The first climb was fairly ok, a 4C I guess, up to 8 meters and then … jump. Sounds straitghtforward :) The climb was indeed easy with many holding places however arriving on the natural platform, it was time to jump. As I was the first one and it was the first jump of the day I was a bite tense. However once I jumped, it felt really good. We moved on to the next climb, a good 5B, up to the highest point today…11 meters. The climb was a bite more challenging but what was tricky was at the top. Indeed, I passed a tree root then realised that there were not so much space to put 1 foot, so imagine 2 together.

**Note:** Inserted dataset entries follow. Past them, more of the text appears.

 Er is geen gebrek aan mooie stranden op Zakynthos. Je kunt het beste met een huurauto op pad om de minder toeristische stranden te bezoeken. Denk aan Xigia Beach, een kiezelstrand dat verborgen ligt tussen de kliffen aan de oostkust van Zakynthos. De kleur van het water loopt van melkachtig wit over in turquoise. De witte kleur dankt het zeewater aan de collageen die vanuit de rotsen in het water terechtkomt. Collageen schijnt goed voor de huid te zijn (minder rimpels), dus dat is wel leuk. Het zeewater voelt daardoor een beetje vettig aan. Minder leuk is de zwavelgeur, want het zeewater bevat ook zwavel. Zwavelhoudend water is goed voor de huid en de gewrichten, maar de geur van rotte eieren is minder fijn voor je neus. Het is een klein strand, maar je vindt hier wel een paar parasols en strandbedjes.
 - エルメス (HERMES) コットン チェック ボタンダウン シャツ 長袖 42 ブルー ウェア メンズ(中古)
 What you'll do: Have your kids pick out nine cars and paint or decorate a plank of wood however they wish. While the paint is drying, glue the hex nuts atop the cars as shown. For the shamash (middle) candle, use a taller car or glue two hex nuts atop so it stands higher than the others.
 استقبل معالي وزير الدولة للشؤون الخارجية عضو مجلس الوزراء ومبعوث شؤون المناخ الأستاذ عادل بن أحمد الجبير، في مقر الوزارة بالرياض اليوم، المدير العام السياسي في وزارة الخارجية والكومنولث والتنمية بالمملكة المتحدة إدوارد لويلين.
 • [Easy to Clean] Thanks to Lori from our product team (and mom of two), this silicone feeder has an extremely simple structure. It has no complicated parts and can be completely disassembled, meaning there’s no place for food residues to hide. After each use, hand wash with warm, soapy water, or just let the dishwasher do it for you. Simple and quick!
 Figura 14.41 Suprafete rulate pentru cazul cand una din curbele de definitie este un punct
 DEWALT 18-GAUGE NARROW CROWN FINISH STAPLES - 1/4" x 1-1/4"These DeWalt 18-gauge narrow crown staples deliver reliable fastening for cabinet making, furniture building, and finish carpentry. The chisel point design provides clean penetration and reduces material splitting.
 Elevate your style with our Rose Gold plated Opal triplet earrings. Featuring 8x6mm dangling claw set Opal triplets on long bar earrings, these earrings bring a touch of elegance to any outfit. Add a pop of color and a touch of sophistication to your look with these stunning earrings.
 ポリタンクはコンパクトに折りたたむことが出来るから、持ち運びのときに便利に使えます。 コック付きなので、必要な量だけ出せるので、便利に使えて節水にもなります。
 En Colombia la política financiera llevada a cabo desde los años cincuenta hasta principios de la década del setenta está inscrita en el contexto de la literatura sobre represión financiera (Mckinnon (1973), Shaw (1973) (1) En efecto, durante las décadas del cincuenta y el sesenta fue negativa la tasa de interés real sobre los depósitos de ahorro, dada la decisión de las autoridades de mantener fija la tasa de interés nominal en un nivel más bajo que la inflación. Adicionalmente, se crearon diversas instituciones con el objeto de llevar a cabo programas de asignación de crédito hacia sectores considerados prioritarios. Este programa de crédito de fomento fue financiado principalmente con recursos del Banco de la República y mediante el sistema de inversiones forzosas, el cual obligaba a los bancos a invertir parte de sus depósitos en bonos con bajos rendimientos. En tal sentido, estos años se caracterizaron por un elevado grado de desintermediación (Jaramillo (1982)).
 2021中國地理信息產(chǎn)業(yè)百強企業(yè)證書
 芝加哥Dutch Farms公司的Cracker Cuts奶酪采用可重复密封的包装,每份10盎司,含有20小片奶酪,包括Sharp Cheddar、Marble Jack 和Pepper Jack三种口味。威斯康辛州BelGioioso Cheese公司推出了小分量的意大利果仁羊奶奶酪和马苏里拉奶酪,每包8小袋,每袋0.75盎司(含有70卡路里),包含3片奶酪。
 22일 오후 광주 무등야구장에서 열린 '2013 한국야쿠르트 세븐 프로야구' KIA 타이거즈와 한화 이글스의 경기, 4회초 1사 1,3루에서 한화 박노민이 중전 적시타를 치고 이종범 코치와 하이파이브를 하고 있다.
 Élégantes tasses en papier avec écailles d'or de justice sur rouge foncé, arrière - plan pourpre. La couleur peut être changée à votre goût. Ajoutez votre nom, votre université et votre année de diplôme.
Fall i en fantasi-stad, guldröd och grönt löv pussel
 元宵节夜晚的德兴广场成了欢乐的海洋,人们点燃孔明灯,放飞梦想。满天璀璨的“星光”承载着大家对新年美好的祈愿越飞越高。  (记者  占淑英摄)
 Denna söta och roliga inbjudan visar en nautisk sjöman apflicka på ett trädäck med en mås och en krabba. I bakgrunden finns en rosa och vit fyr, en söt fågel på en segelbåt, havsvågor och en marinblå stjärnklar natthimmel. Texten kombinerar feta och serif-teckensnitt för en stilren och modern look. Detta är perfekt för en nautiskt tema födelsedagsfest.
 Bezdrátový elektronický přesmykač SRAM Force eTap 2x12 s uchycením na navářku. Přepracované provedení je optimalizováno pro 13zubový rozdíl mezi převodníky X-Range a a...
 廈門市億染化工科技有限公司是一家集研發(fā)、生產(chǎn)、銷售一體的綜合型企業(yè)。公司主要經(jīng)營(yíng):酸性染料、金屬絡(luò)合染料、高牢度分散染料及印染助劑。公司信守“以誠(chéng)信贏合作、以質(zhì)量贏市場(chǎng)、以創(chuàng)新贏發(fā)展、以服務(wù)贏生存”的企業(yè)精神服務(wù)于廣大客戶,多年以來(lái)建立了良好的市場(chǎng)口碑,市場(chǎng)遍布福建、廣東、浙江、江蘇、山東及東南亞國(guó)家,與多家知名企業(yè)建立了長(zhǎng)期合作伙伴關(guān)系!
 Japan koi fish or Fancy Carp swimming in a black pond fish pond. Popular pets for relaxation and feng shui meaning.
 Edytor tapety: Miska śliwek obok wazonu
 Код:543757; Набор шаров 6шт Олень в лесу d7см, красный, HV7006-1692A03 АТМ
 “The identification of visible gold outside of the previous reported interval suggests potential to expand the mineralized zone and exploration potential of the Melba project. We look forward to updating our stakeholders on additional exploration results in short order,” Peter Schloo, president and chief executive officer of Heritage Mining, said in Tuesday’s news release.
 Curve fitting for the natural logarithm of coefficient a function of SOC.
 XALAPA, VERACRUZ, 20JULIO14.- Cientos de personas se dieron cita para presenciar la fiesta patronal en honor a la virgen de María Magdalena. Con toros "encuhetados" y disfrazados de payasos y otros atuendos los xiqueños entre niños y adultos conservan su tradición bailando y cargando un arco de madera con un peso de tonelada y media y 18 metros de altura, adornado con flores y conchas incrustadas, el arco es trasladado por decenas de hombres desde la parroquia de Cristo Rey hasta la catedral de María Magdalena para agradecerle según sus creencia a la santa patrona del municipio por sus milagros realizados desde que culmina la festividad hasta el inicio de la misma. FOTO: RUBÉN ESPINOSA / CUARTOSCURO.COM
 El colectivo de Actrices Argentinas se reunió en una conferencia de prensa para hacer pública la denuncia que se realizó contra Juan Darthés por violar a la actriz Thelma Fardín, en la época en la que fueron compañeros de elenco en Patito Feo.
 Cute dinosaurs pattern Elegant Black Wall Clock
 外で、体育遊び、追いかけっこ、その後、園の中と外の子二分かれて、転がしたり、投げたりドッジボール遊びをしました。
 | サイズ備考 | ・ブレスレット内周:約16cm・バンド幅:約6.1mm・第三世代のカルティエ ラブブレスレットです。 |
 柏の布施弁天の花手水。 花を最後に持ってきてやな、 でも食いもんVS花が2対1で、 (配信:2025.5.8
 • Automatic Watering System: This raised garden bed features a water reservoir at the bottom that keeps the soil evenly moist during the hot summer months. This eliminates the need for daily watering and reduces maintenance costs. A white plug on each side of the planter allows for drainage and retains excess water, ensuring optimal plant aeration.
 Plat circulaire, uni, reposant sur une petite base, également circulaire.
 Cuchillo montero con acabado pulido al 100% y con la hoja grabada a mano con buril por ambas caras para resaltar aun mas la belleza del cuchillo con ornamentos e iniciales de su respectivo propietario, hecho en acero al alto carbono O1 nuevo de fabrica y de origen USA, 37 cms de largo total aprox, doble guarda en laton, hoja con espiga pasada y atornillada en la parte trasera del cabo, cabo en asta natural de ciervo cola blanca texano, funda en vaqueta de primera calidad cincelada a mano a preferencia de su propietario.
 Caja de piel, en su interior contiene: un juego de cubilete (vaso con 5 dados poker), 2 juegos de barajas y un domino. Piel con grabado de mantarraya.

Plus I had to turn facing the sea while being held to the wall…it was tricky but I managed. Then, time to jump and that was a lot higher up (for me). After few seconds, I told myself that there was not other way down so let’s do it. I did it, and I survived it only with a small cut to my oral cavity (above the teeth). We carried on climbing few other (around 5 climbs each) and then it was time for some more canoeing. The canoeing part was quite relaxing but as we were short of time, we stay around the renting place. Hence it was not as remote and spectacular as the previous days.
In any case, solo climbing is real fun and a lot of adrenaline so I would recommend it to all my climbing friends
Meanwhile, Moni rented a motorcycle, cruised around the island a bit and decided to laze around the beach until Alex' return. Even in the afternoon, we both felt lazy and went to the beach again to relax and read a bit.
In the late afternoon we drove up to cannon fort and watched the sun set over Cat Ba.
The next day was again a travel day as we left the island to go to the Phong Nha National Park which is famous for its tremendously big caves (the biggest cave on earth is in this national park) which were only recently discovered (as of the 1990s) and many of them only open since 2014/2015.
We will let you know how our cave exploration went with the next article.
Hoping all is fine in Europe or wherever you are :).